I used to be blown away, and pretty loads disappointed, by the reality that such a straightforward optimization (implemented in under every week) used to be ready to procure such a dramatic performance enchancment in a sport this notorious for substandard performance. I ponder how the folk to blame for this implementation came upon it acceptable, and whether or now no longer they place how considerable cash used to be thrown away by one thing that might perchance also’ve been mounted in a single man-week of labor. I argue loads for craftsmanship-for-craftsmanship’s-sake, and I place how that in total doesn’t affect financial sense, nonetheless in this case a cramped bit attention and care might perchance even have saved the writer hundreds of thousands of bucks in precise prices, and finest god-is aware of-how-considerable in reputation and goodwill. Sloppy engineering has a fee, preferrred craftsmanship has precise place, and the following time somebody is allowed to ship one thing this unpleasant we would now no longer be lucky enough to be ready to fabricate such a repair.

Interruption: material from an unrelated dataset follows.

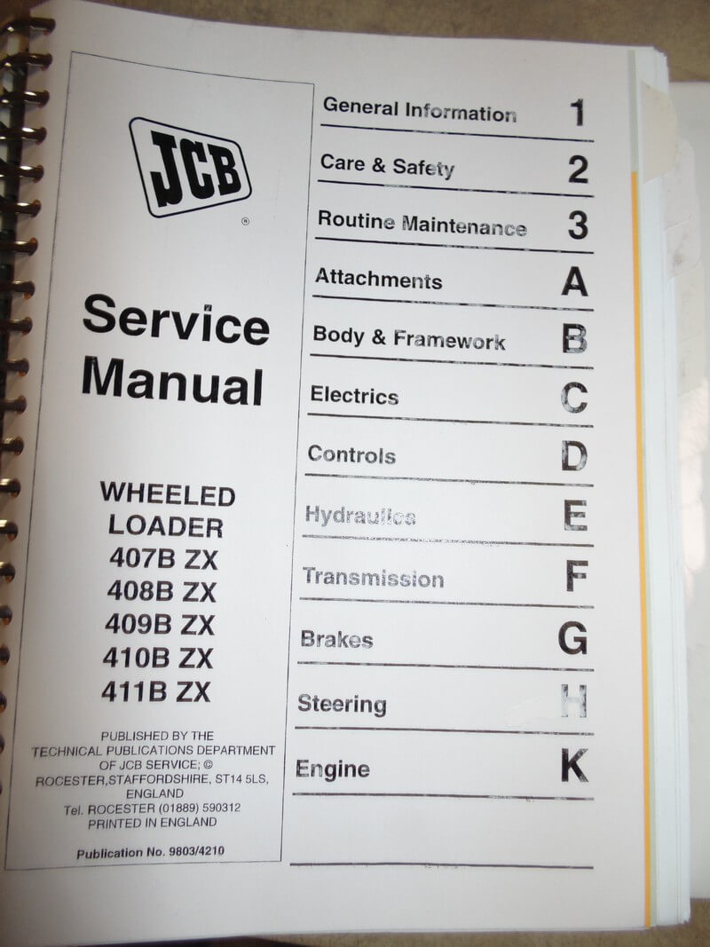 JCB 407B, 408B, 409B, 410B, 411B Wheeled Loader Service Manual
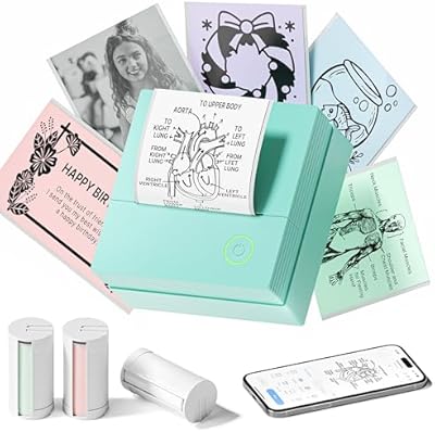 TYPONOS Sticker Printer, PM290 Mini Sticker Printer Portable Bluetooth Sticker Maker Machine with 3 Rolls Paper, Print Pods Mini Printer for Phone & Tablet, DIY Gifts for School O…

The repair is equipped in this plunge-in replacement DXGI dll — to put it to use factual replica the
dxgi.dll file to the identical directory as
BatmanAK.exe, the game’s executable, and guarantee to disable all GameWorks effects and any overlays plenty of than the Steam overlay as some overlays are known to relate off crashes. The provision code for my adjustments is equipped within the
batman division in this git repo.
Change: In the event you high-tail into crashes with this, it might perchance also restful generate some
.dmp files within the identical directory as the DLL. Half the dump files with me and I’ll enact my finest to investigate the recount.